[[ Data for this task, beginning ]]

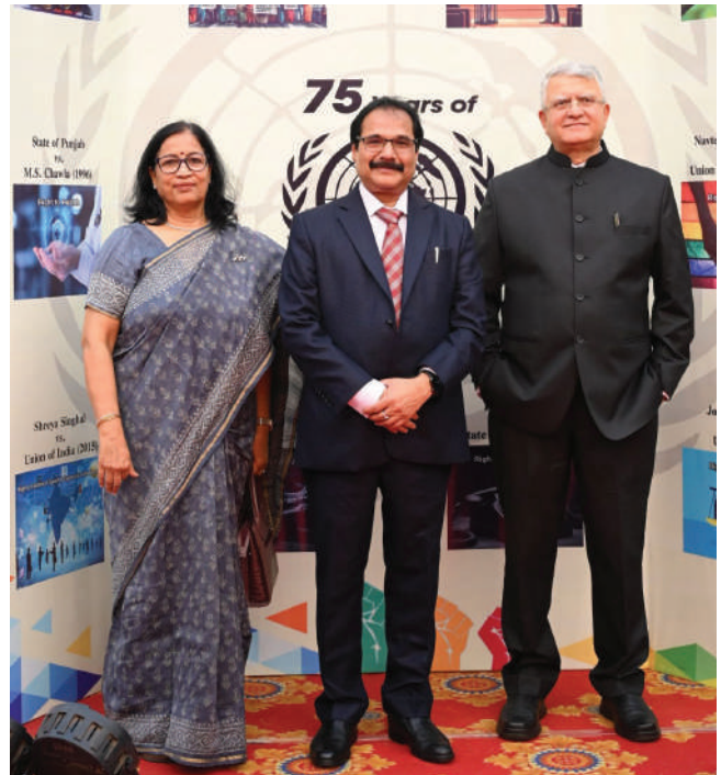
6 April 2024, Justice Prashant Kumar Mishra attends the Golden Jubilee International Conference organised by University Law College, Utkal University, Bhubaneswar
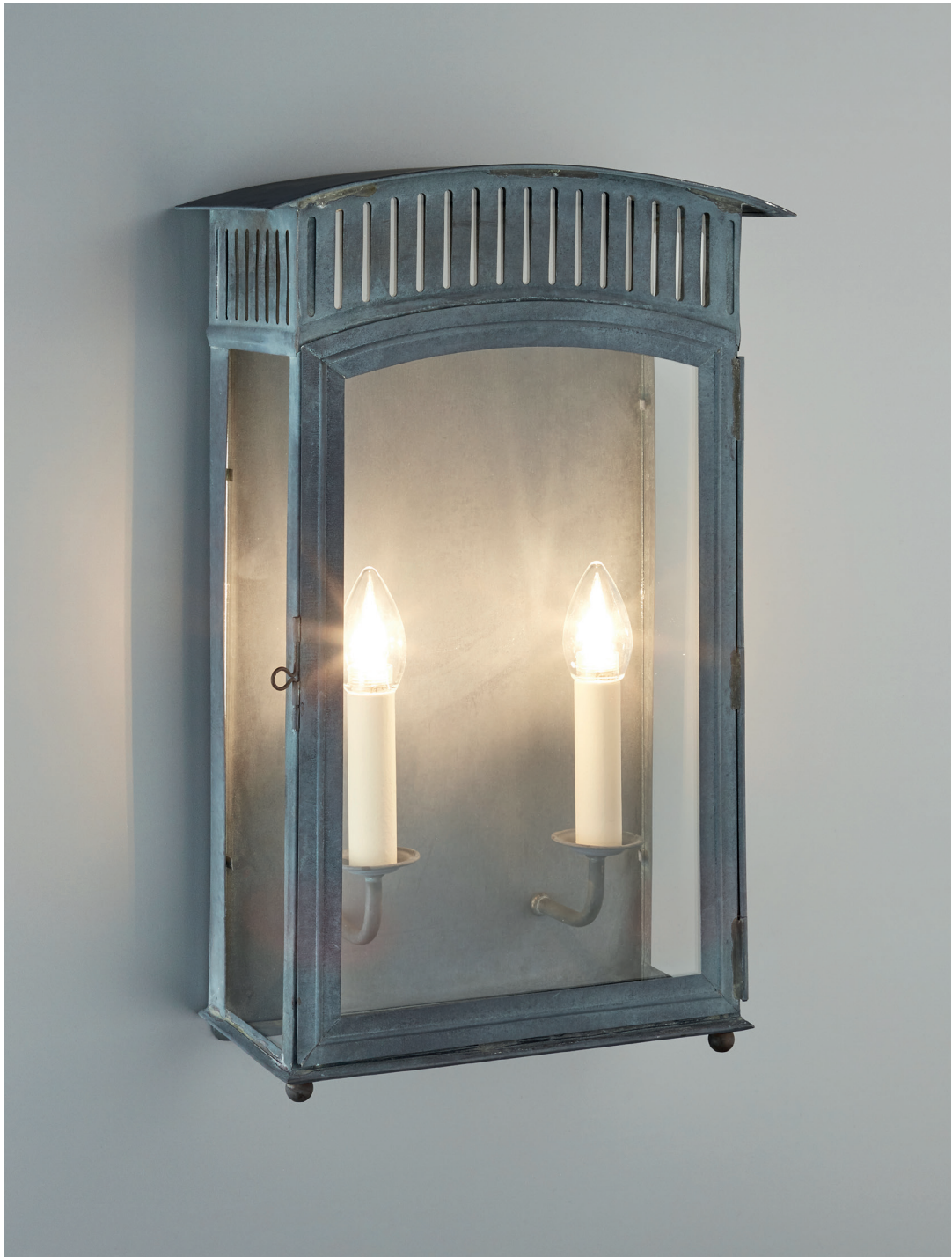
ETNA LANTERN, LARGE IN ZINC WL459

[[ Data for this task, end ]]
[[ Data for this task, beginning ]]

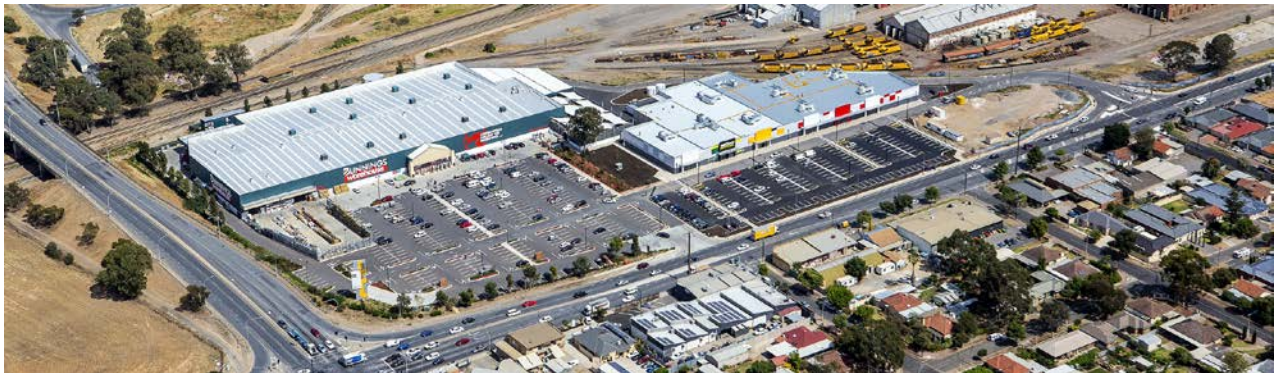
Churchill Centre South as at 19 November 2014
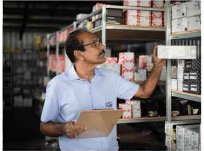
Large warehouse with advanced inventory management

[[ Data for this task, end ]]

The task -> Nothing but the lines above from the line with "6 April 2024, Justice" up to and including the line with "ETNA LANTERN, LARGE IN ZINC WL459" should be returned, exactly as written and without pictures.

Worked solution ->
6 April 2024, Justice Prashant Kumar Mishra attends the Golden Jubilee International Conference organised by University Law College, Utkal University, Bhubaneswar
ETNA LANTERN, LARGE IN ZINC WL459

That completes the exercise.